I saw this in real life a few days ago, the week before and lots of times a year but never looked close at this statue, it becomes to common if you see it very much and that's why I'm glad to see this wonderfull and strong image, a piece of art on his own, it shows me that I have to look at everything around me. I've seen so much uninteresting pictures from Brabo, it must have been photographed millions of times but this is the first time that I'm stunned. Thanks a lot for that Phil, and what a pity that I wasn't there at that moment to meet you, I'm living quite close to the center of Antwerp.

With kind regards,

Dirk
Phil Douglis06-Jul-2005 23:05
You must be a mind reader, Marisa! I was thinking about both Ruthie's stone faces and your image of those spitting lips while making this photograph. Ruth's photo (which is now can be found at:http://www.pbase.com/ruthemily/image/43932703 ) was about echoes of rejection and loss to me, while yours spoke of the mechanization of sexuality. While their meanings differ from what I intended to say here, each of those images used symbols of allure, lipstick in Ruth's case and lips in yours, to express the very opposite -- repulsion. I wanted to use the symbolic classical beauty of this sculpture to express the opposite as well. Decadence is a good word for it, Marisa. She has been ravaged by time and the environment. I find your description of the black markings on her face as "bitter tears of old beauty that has disappeared" as a perfect metaphor for this image. I also am intrigued by your remark about the spitting mouth representing "enormous tears of an imprisoned and defeated soul." Your own image athttp://www.pbase.com/mlt/image/43688055 was, in my view, spitting back into the face of a greedy, technologically advanced system that has dehumanized human sexuality. I am saying something very similar here by contrasting a classical 19th century ideal with a harsh 21st century reality. Thanks for pointing it out in your comment.
Guest 06-Jul-2005 22:02
When I first saw this image I thougth of Ruth Hanson's 'Hearts of stone, lips of lust' athttp://www.pbase.com/ruthemily/image/43932703 , and my own photograph 'french kiss' athttp://www.pbase.com/mlt/image/43688055 .

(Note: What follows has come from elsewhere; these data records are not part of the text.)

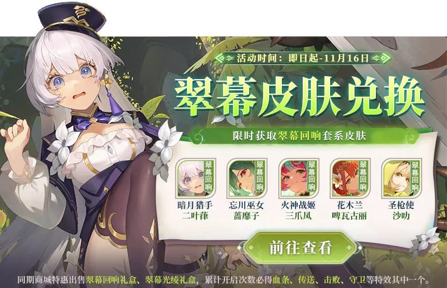 翠幕限时兑换开启,火神战姬-三爪凤、暗月猎手-二叶葎、忘川巫女-蔷靡子、花木兰-啤瓦古丽 、圣枪使-沙叻等你来拿!
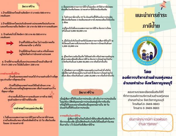 แนะนำการชำระภาษีป้าย องค์การบริหารส่วนองค์การบริหารส่วนตำบลทุ่งทอง
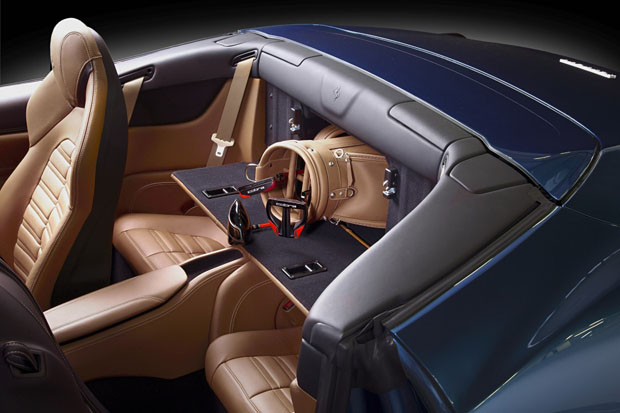 California T座艙設計符合人體工程學原理,採用Frau皮革裝飾,做工精湛。空間也可靈活改變,行李廂和後排座椅之間可連通,即便頂篷收起後,行李廂也能充分利用。
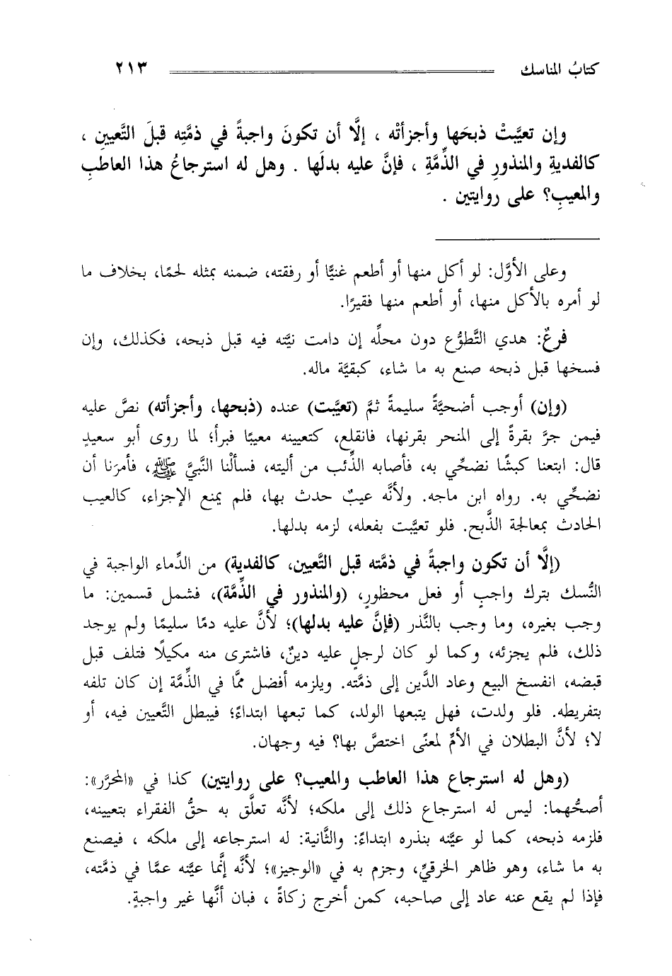 وإن تعيبت ذبحها وأجزأته إلا أن تكون واجبة في ذمته قبل التعيين كالفدية والمنذور في الذمة فإن عليه بدلها و هل له استرجاع هذا العاطب والمعيب على روايتين.
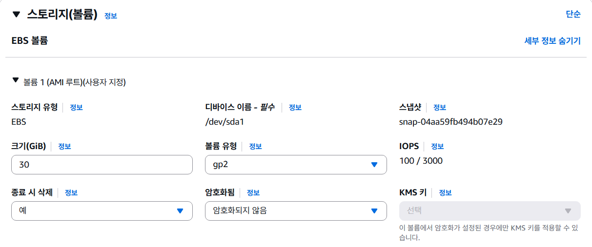 최대한 프리티어 안에서 해결하고 싶어서 gp2 30gb 조합으로 선택했다.

This picture has become an extraordinary contradiction and paradox in itself!
The fountain and the woman's face particulary shows a profound and amazing decadence...she's breaking in pieces, slowly, day by day.. the black marks in her face became bitter tears of an old beauty that has already disappeared...
Her expression is the one of a deep discouragement, when nothing else can be done to recover the old power.
On the other hand, that spitting mouth has nothing to do with beauty... maybe are the enormous tears of that imprisioned and defeated soul.